I'm so sorry to hear about your daughter, and the lack of understanding she is being shown. It is so very hard to help someone, even harder when it is your child. I have a daughter too, and i'd rather have all the problems than see her have a problem.
You say that money is an issue, have you used the Medicare Mental Health program? it gives you up to 10 free visits to a therapist per year paid by medicare. I spent three years on mental health plans and never paid a cent. Talk to your GP. You just answer some questions, your daughter fills out a form and gets a referral.
I spent many years as a care giver and with a partner with depression, so I really feel for your situation. It is hard when you can help them yourself isn't it.
One thing you must do is take care of yourself, we have a tendency to focus on giving care at the expense of our own selves, that is another thing that caused me to go down the path I have.
Remember to be kind to yourself, and all the best for your journey.

QldMouse
Community Member

Hi White Rose,
Thank you, you are so kind. I know I try to use humour as a shield, and a smoke screen. When I'm really down I use too much sarcasm and dark humour to say things I actually mean. A very bad habit I'm trying to get past.
I had shivers reading about Ekka, I won't go near it for the same reason. I hope you find the bravery, I will be impressed.

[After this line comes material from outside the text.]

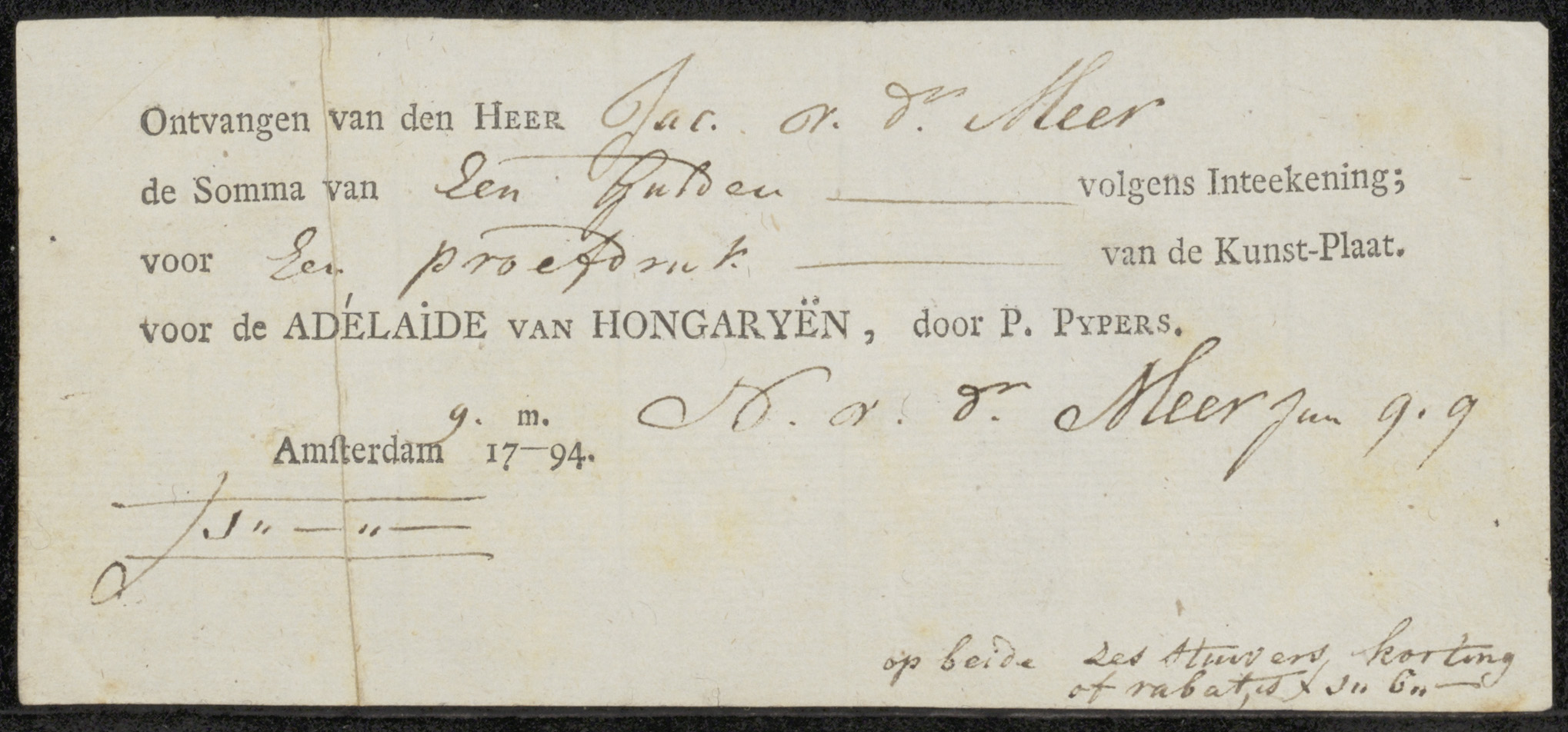 Kwitantie voor Noach van der Meer (II)
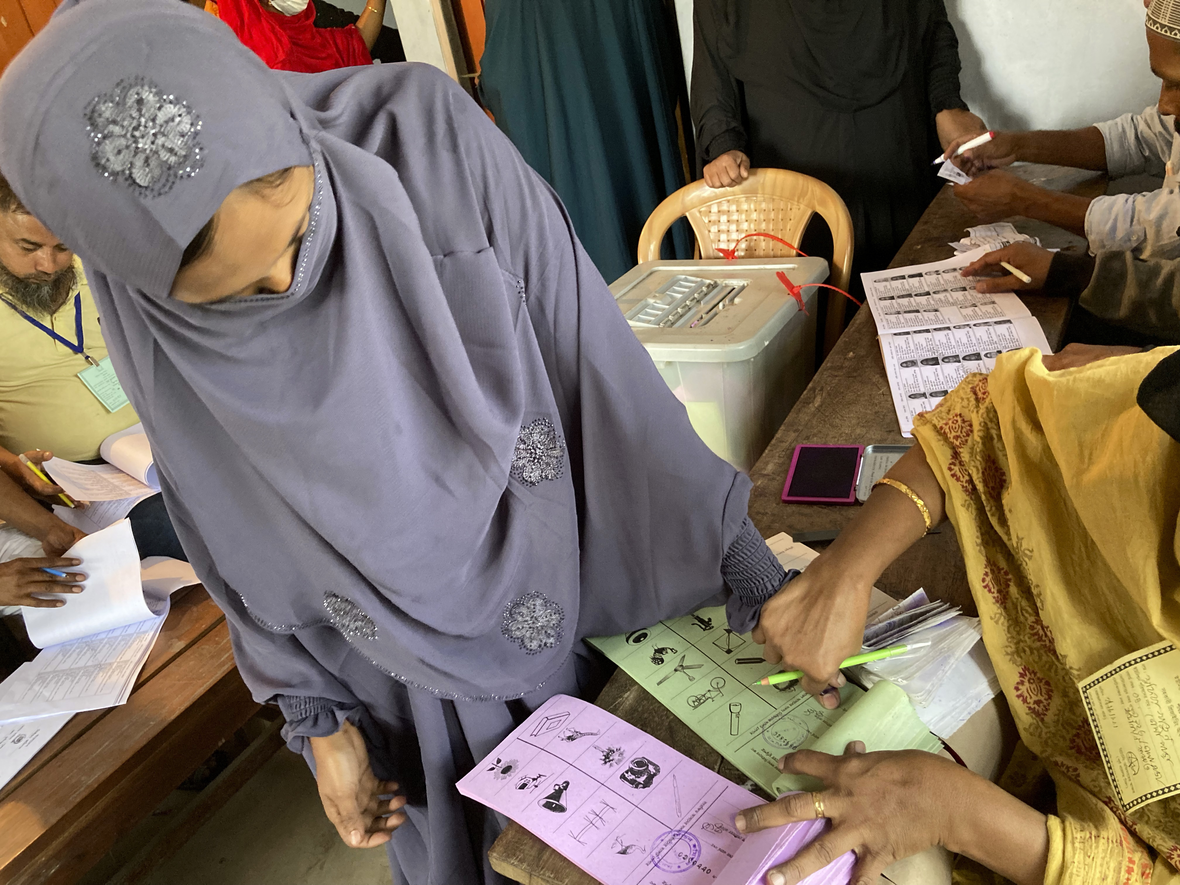A voter gives her thumb imprint before proceeding to vote at a polling centre in Munshiganj district of Bangladesh [File: Al-emrun Garjon/AP]

My hat is off to you, you like talking to people. I used to but that skill has been worn away, I even used to do public speaking but now, hell no. It does make me sad when I compare me now to me 10,15,20 years ago. I have lost a lot of ground.

Finding work is hard, you have to find confidence and talk to people. I am looking now for when my contract ends. We will see how that goes.

Right now not much makes me happy, I used to love books with a passion and usually had several on the go. Now I can hardly manage a page or two at a sitting.

I know I need to find something that makes me happy.

I am finding it rewarding to participate here, I'm amazed and so saddened by so many of the threads here. As I find the time I will continue. Thank you for the compliment, I don't know if it helps people but it helps me.

I checked Men's Shed again, their meetings are all in the day time which rules me out. I did laugh about your skills assessment on your ex, two lines huh!! LOL. At least I do have skills, an ex electrical engineer that also got registered as an electrician and working in building services for several years. I can swing an hammer and a wide assortment of electrical and petrol powered tools. I do enjoy gardening with petrol powered tools ...

Ah well. Thank you for your support, I feel very humbled and really appreciate all your comments.